The necessity that exists for the temporary repose of such of the vital forces as are more or less under the control of the will, and liable to be unequally exercised, supplies a sufficient rationale of the uses of sleep. It illustrates the circumstance, that the young, in whom such vital forces are necessarily feeble, and in whom there is, moreover, a constant derivation and expenditure of such forces required for the completion of the growth, and for the development of the tissues, require more sleep than adults. It explains the fact, that, as old age advances,

the expenditure of the vital forces becoming less and less, and the equilibrium of such forces being less disturbed, a smaller and smaller amount of sleep is needful to meet the requirements of the system.

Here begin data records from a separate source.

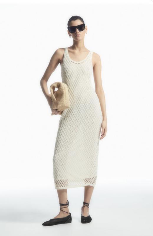Это платье миди из хлопковой смеси и кружевной фактуры нежного кремового оттенка. Имеет подклад В наличии S
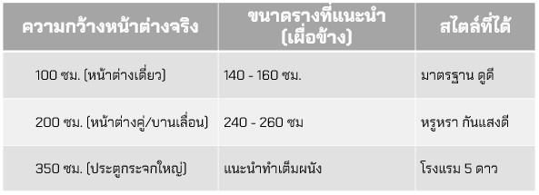 ระยะห่างจากผนัง: เนื่องจากลอนม่านมีความโค้ง ควรเว้นระยะติดตั้งจากผนังหรือหน้าต่างประมาณ 10-15 ซม. เพื่อไม่ให้ลอนผ้าไปเบียดกับผนังจนเสียทรง
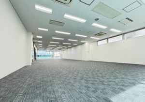 このエリアの居抜きオフィス、カーテンウォールのスタイリッシュな外観で2面採光の明るい室内も魅力。
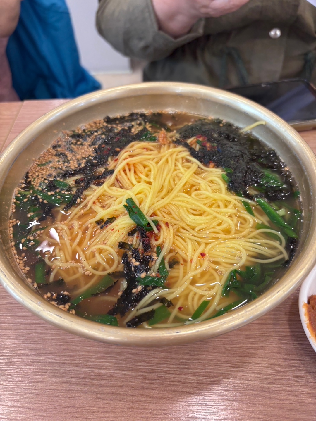 면은 굉장히 쫄깃하면서도 잘 익어 퍼지지 않았고, 부추와 김가루, 깨가 어우러져 풍미가 배가되었습니다.

It exemplifies, and is in its turn illustrated by, the very different requirements of different individuals, in regard to the length of time needed for sleep; this being dependent on the degree to which the vital forces are made use of during the hours of wakefulness, on the degree to which these forces are made use of unequally, on the original strength and power of the tissues by which these forces are manifested, and on their condition as to power at different times. Thus, the man whose mind is occupied exhaustingly in the duties of his profession, will require more sleep in proportion to the amount of such expenditure; and the labourer, after his day of toil, will require more sleep in proportion to the severity of his exertions. Thus, the man who uses equally both the vital forces connected with his intellectual manifestations, and those concerned in the movements of his limbs, will require less sleep, than the man who exercises either of these varieties of vital force duly or unduly, while the equable expenditure of the vital forces in other ways is not secured. Again, those individuals in whom the vital tissues have been originally strong, can support a larger expenditure of vital forces without the need of sleep, than those whose tissues are of feebler organisation; and in such persons, the equilibrium and waste of the vital forces are more quickly restored; and the sleep may be

VARYING NEED OF SLEEP.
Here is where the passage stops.